10,000 Bullets   Exploring the world of Cinema from the Arthouse to the Grindhouse™

Written by: on July 6th, 2006

Theatrical Release Dates: UK, 1972
Roy Ward Baker
Robert Block
Peter Cushing, Charlotte Rampling, Herbert Lom, Britt Ekland

DVD released: July 25th, 2006
Approximate running time:
89 Minutes
Aspect Ratio:
1.85:1 Anamorphic Widescreen
Dolby Digital mono
DVD Release:
Dark Sky Films
Region Coding:
Region 0 NTSC
Retail Price:

The Asylum is shorthanded after its lead Doctor Starr has nervous breakdown and has to be admitted into the asylum for treatment.

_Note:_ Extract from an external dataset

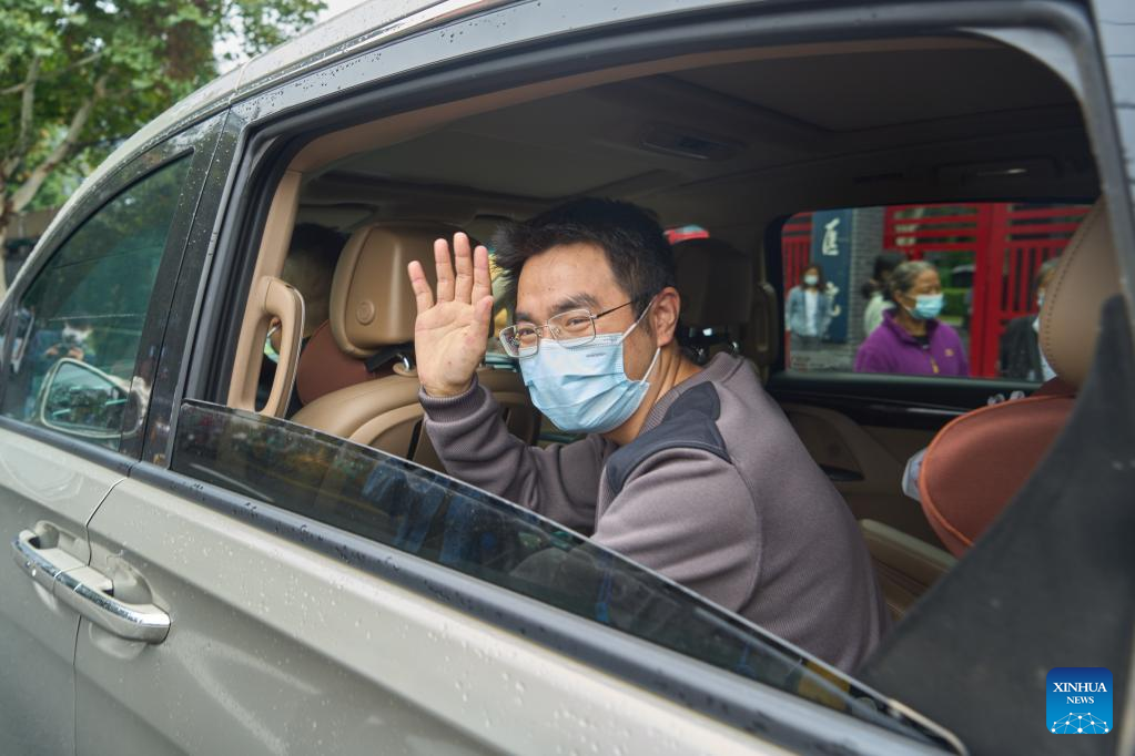 Gan Yu waves goodbye to people seeing him off at West China Hospital of Sichuan University in Chengdu, southwest China's Sichuan Province, Oct. 8, 2022.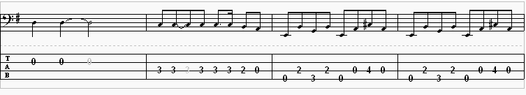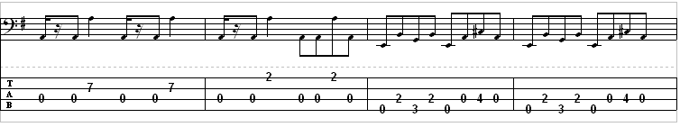 Remember that the bass part below (and the other 2 bass parts to follow) are all repeated for the other parts of the song.

Doctor Martin arrives for his interview with Doctor Starr only to find out about his sickness. Doctor Rutherford has taken over as the lead doctor of the asylum and if Doctor Martin is able to deduct without any clues which one of the patients is Doctor Starr he will be given a job at the asylum?

The Asylum like most Amicus productions is a collection of stories which tie each other together in the end. There are a total of five stories that make up the films plot. The first and main story is that of Doctor Martin who interviews the various patience’s that tell him them their stories while he tries to figure out who is Doctor Starr?  The second story is about husband who will do anything even commit murder to leave his wife for his mistress. The third story is a father who wants a tailor to make his son a suit out of the most unusual fabric. The fourth story is about a demented woman who has an imaginary friend who does bad things like kill those close to her. The final tale is about a patient who has the power to transfer his soul into dolls which he uses to do his evil bidding.  

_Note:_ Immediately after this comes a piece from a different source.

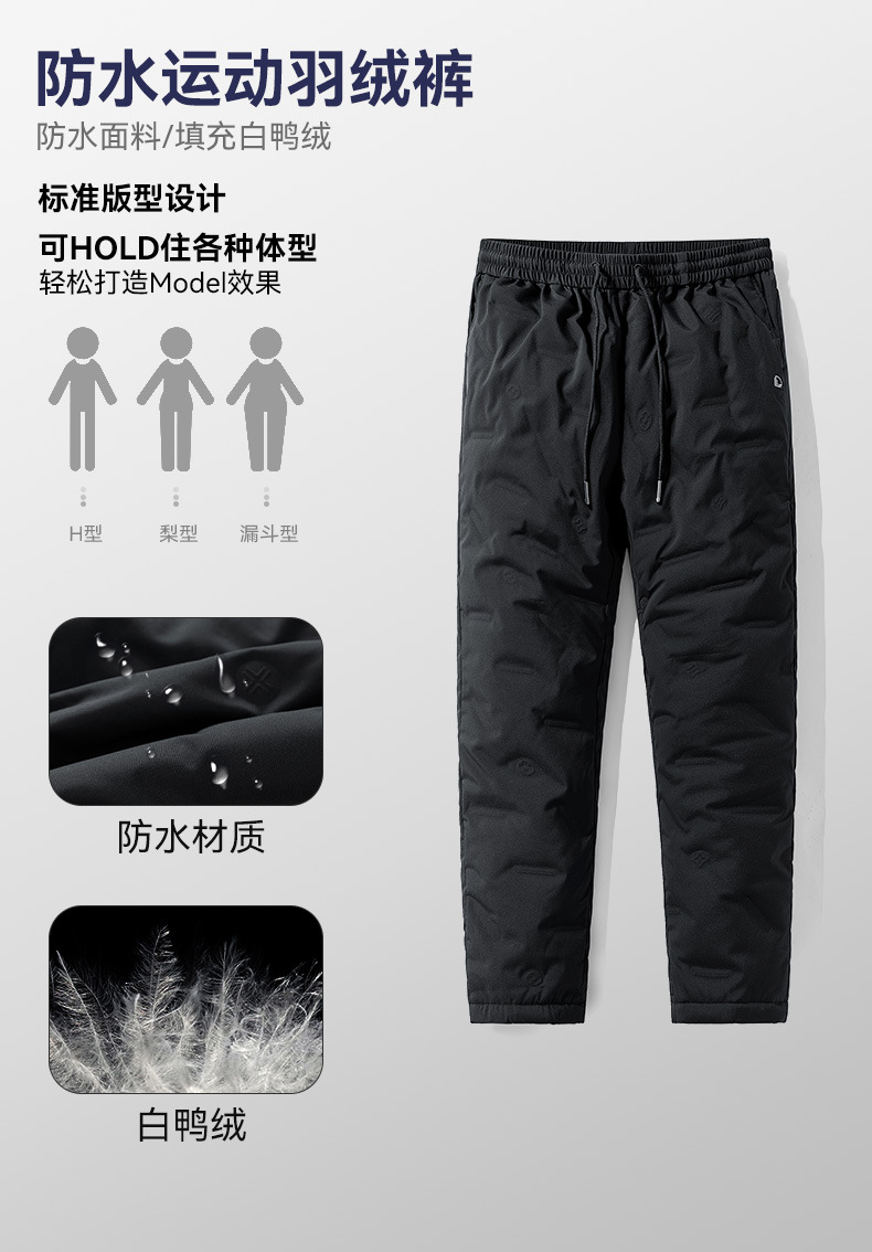 Черные пуховые брюки 2363 (стиль с штанинами) [новый национальный стандарт, 90% белого утиного пуха]; Черные пуховые штаны 2363 (прямой крой) [новый национальный стандарт, 90% белый утиный пух]

Asylum was directed by Roy Ward Baker who directed several episodes for the television series “The Avengers” and he also was one of Hammer studio’s most prolific directors. His direction in Asylum is polished and it compliments the stories perfectly without ever getting to flashy. The screenplay was written by Robert Block who will forever be remembered for writing the Novel “Psycho”. Each of the stories that make up Asylums main plot are genuinely creepy and unique. The best of the lot would have to be the fourth tale with actresses Charlotte Rampling and Britt Ekland. Both actress give chilling performances. The film also features other great performances by Peter Cushing, Herbert Lom and Patrick Magee. Douglas Gamley’s majestic score is pitch-perfect.

Overall Asylum is classic British horror and essentially viewing of all fans of this genre of films.

The DVD:

Asylum is presented in an anamorphic widescreen that preserves the films original 1.85:1 aspect ratio. Colors look nicely saturated and details look sharp through out. Outside of noticeable grain this is the best the film has ever looked on home video.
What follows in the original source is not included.